Once I got back on the road to Olean, the sun dipped closer to the horizon and lit the landscape with a golden glow. I took my time on the winding back roads through farm country, enjoying the many shingles people hang by the side of the road. It often makes me smile to see the signs for “Nightcrawlers for sale” or “Fresh Eggs” or “Homegrown Vegetables” tacked to the sides of sheds, hanging from trees, or stuck to a road sign illegally. All such signs are inevitably written in a scrawling print made poorly out of paint, resembling a child’s unpracticed writing attempt. As I drove alongside the Genesee River, I appreciated the ramshackle homes next to the neat and tidy farmhouses, the cows and donkeys and horses behind wire fences, and the familiar smell of cow dung in the air. Western New York State may be one of the most impoverished parts of the nation, but the people here will not hesitate to help you push your car out of the ditch, welcome you into their home if you are stranded and come knocking, or give you a lift to the nearest gas station if you need fuel. Even in the poorest of homes, you will often be offered a bite to eat or a soda to drink.

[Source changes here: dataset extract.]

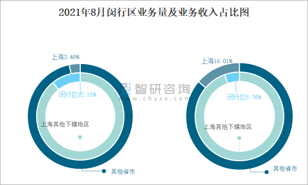 根據各省市郵政局數據可知:2021年8月閔行區快遞業務量占上海快遞業務量的12.15%,上海快遞業務量占全國快遞業務量的3.48%;2021年8月閔行區快遞業務收入占上海快遞業務收入的5.76%,上海快遞業務收入占全國快遞業務收入的16.01%。

I grew up in the quiet of the corn rustling in the field behind my house, hearing cows lowing in the distance, and catching lightning bugs in the yard. There is magic to be found in the fields, especially when you throw your blanket down in the grass to enjoy the glittering stars. Nothing is quite so breathtaking as a night sky you can actually see.

 

If you find yourself in Western New York, far, far away from the Big Apple, take the time to indulge in the trails, the many parks, the rivers, the lakes, and the forests. And if you can’t decide which place to stop, take yourself to Letchworth. Of all the parks on this side of the state, this one gets my vote for most impressive. You get history, hiking, white water rafting, swimming, fishing, fine dining, manicured gardens, forests, ponds, hot-air balloons, bridges, waterfalls, wildlife…need I say more? In Letchworth you get it all. It’s a truly special place to experience, and if you stay in the campground you can enjoy it for a whole weekend. If you’re looking for a romantic getaway, you can even stay at the Glen Iris Inn. Thousands of couples have been married to the tune of the Middle Falls roaring in the background. But don’t take my word for it—go see it for yourself. And if you live somewhere far, far away from this treasure, find a treasured beauty near you. The outdoors will reset your spirit and restore your heart. Go see something beautiful today.